__What you are asked to do__: Return, exactly as written, every line from the first line of the data below through the line that contains "The curly quiff".

__Data block__:
- - -

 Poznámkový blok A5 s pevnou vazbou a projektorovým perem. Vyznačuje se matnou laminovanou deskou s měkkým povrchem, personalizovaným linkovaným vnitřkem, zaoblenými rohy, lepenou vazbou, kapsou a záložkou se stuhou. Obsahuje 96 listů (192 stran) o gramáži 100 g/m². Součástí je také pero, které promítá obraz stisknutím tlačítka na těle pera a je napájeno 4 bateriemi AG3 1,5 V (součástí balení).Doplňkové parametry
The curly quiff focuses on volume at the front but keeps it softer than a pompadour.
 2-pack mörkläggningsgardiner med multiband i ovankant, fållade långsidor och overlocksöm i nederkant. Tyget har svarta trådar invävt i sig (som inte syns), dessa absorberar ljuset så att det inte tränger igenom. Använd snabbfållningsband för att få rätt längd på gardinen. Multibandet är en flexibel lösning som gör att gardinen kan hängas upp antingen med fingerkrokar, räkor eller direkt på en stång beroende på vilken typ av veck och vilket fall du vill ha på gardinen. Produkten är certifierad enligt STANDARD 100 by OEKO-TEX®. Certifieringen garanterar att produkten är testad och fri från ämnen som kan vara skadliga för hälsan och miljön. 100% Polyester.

- - -

__Response to this task__:
 Poznámkový blok A5 s pevnou vazbou a projektorovým perem. Vyznačuje se matnou laminovanou deskou s měkkým povrchem, personalizovaným linkovaným vnitřkem, zaoblenými rohy, lepenou vazbou, kapsou a záložkou se stuhou. Obsahuje 96 listů (192 stran) o gramáži 100 g/m². Součástí je také pero, které promítá obraz stisknutím tlačítka na těle pera a je napájeno 4 bateriemi AG3 1,5 V (součástí balení).Doplňkové parametry
The curly quiff focuses on volume at the front but keeps it softer than a pompadour.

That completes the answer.